## STORED DATA
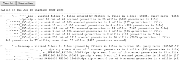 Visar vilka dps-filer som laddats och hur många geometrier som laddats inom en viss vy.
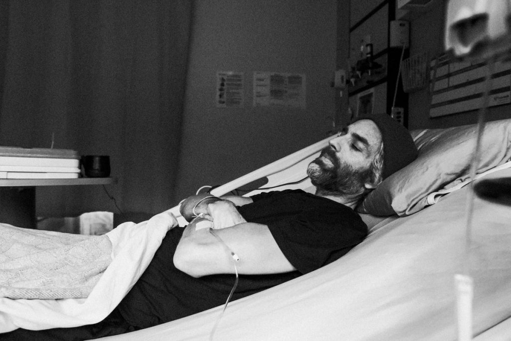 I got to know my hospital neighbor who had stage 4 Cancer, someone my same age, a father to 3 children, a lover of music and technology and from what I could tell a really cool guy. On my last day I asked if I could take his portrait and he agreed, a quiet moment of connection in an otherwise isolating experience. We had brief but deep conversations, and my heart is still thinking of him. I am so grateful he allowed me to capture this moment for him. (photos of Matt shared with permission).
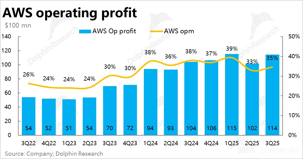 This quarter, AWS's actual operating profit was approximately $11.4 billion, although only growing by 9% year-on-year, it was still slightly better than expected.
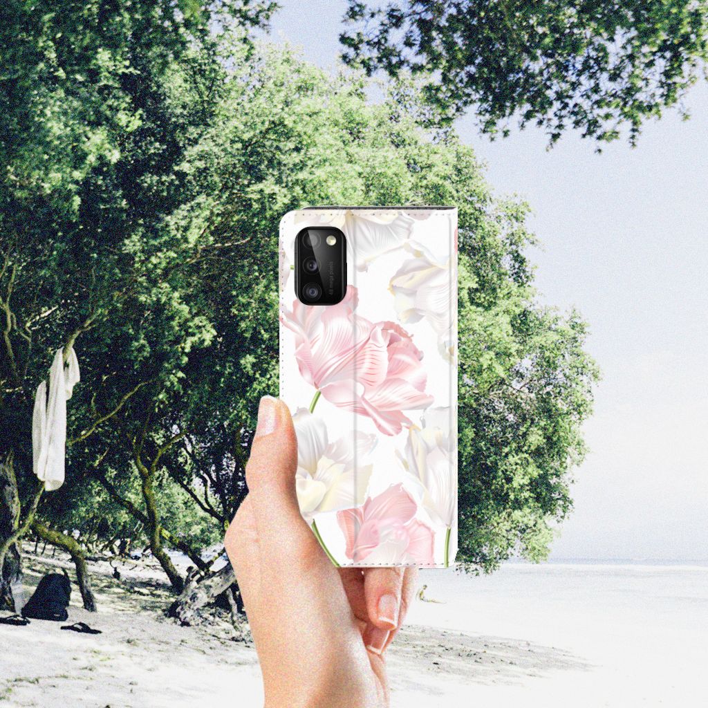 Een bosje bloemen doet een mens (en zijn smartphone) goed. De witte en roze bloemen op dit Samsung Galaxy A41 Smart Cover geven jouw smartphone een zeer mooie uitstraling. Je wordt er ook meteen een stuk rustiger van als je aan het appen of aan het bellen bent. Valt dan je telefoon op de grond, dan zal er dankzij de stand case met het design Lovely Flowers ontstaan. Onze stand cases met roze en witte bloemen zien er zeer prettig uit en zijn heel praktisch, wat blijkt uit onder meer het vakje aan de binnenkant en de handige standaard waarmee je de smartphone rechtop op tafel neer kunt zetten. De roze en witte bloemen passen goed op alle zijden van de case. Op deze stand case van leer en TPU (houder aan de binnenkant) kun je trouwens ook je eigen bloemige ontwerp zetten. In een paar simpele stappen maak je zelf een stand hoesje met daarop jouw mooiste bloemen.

* * *

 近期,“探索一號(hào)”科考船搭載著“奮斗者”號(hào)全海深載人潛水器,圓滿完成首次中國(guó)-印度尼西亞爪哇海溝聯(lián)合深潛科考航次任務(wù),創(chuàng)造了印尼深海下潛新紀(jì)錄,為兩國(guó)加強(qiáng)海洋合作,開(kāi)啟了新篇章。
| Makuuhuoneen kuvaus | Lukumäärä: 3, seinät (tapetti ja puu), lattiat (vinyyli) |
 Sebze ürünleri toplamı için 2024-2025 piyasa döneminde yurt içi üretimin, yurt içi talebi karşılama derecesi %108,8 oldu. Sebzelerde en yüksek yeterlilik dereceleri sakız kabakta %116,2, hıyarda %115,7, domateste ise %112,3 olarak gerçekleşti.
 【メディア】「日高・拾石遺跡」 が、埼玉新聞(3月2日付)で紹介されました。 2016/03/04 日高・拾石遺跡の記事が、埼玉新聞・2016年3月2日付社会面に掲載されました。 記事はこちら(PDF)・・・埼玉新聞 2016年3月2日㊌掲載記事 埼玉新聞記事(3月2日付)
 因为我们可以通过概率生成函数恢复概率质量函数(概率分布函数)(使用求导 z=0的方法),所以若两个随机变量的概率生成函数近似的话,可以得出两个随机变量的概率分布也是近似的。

## PROBLEM TO SOLVE
Using the material above, transcribe exactly the lines from the line with "記事はこちら(PDF)・・・埼玉新聞 2016年3月2日㊌掲載記事 埼玉新聞記事(3月2日付)" to the line with "因为我们可以通过概率生成函数"; both count, and nothing else goes in.

## ANSWER TO THIS PROBLEM
 【メディア】「日高・拾石遺跡」 が、埼玉新聞(3月2日付)で紹介されました。 2016/03/04 日高・拾石遺跡の記事が、埼玉新聞・2016年3月2日付社会面に掲載されました。 記事はこちら(PDF)・・・埼玉新聞 2016年3月2日㊌掲載記事 埼玉新聞記事(3月2日付)
 因为我们可以通过概率生成函数恢复概率质量函数(概率分布函数)(使用求导 z=0的方法),所以若两个随机变量的概率生成函数近似的话,可以得出两个随机变量的概率分布也是近似的。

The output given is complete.